My friends wouldn't compress either so it came out when we shifted motor forward


----------



## z24guy (Nov 27, 2010)

I would try and attatch a ratchet strap to a u-joint and use it to compress the shaft, you might be able to tie it back to the other u-joint or you could go back to the frame. Try and keep it as parallel as possible.


----------



## gpinjason (Nov 10, 2009)

Had to unbolt the rear diff on my buddy's brute.. the splines were rusted on the shaft. once we got it out, we were able to free it up and grease it before putting it back in.


----------



## corvet57s (Jun 2, 2015)

Ended up doing what "GpinJason" did in previous post by unbolting the rear diff..
There are only 3 bolts and the shaft dropped right out. Be sure to put grease on the seal and get the correct seal, I had the wrong seal. Ironically I drove to the Kawasaki shop in Deer Park/ Pasadena.

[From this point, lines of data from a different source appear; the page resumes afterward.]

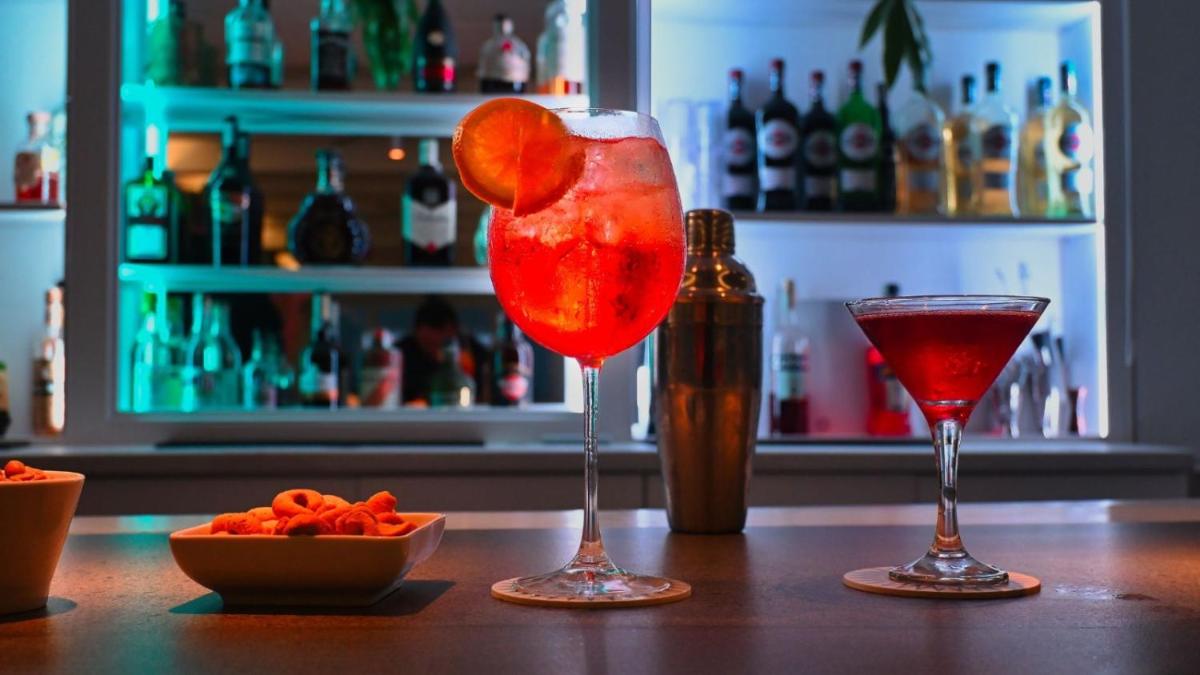 Breakfast is served buffet-style on the panoramic terrace, with sweet and savory options including gluten-free items. The poolside restaurant offers fresh Mediterranean dishes and the bar serves cocktails and aperitifs at sunset.
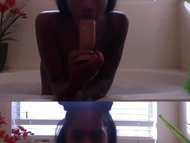 Interracial lesbian couple getting freaky in the bath tub
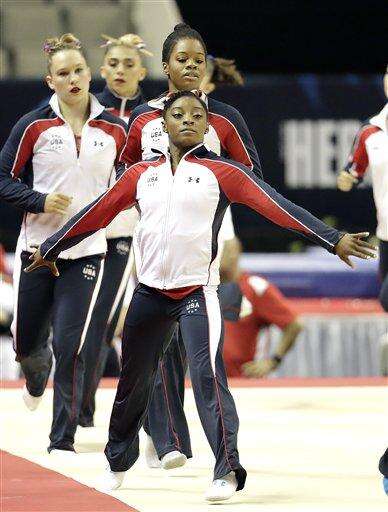 Simone Biles, foreground, runs in front of Gabrielle Douglas and other competitors before the women's U.S. Olympic gymnastics trials in San Jose, Calif., Sunday, July 10, 2016. (AP Photo/Gregory Bull) The Associated Press
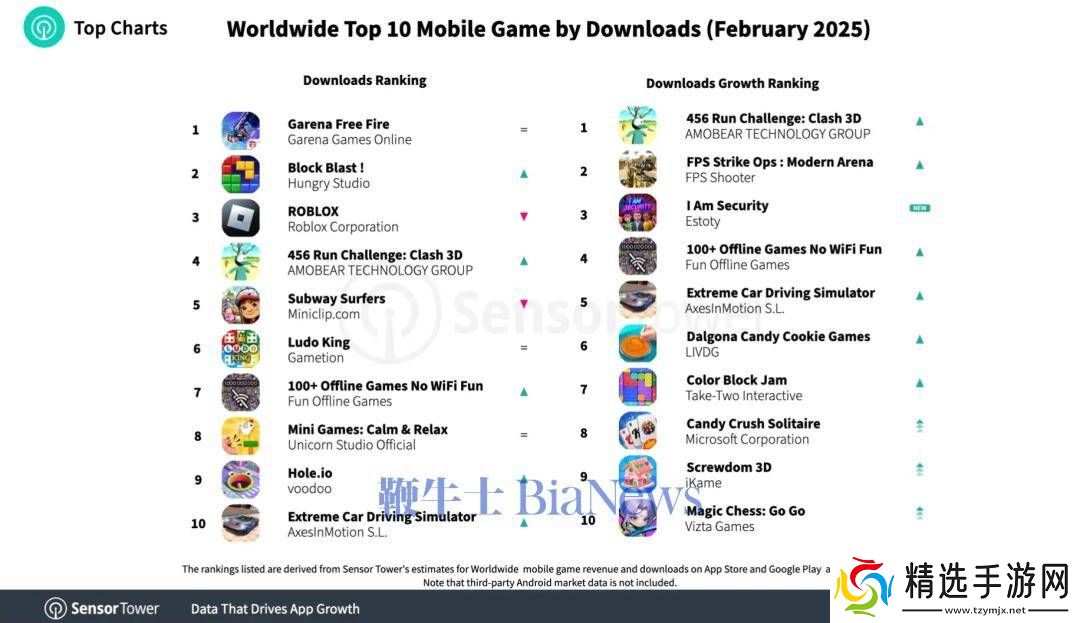 而在全球手游下载榜单方面,则呈现出另一番景象。《Free Fire》这款游戏凭借其独特的魅力和广泛的玩家基础,继续领跑全球手游下载榜。紧随其后的是《Block Blast!》,这款游戏以其创新的玩法和精美的画面赢得了众多玩家的喜爱。《Roblox》、《456 Run Challenge: Clash 3D》以及《Subway Surfers》也分别位列下载榜的前五名。

Also be sure to only seat the seal flush with the housing!


----------



## gpinjason (Nov 10, 2009)

corvet57s said:


> Ended up doing what "GpinJason" did in previous post by unbolting the rear diff..
> There are only 3 bolts and the shaft dropped right out. Be sure to put grease on the seal and get the correct seal, I had the wrong seal. Ironically I drove to the Kawasaki shop in Deer Park/ Pasadena.
> 
> Also be sure to only seat the seal flush with the housing!


Glad I could be of assistance! And yes, it helps to have the right seal! LOL


----------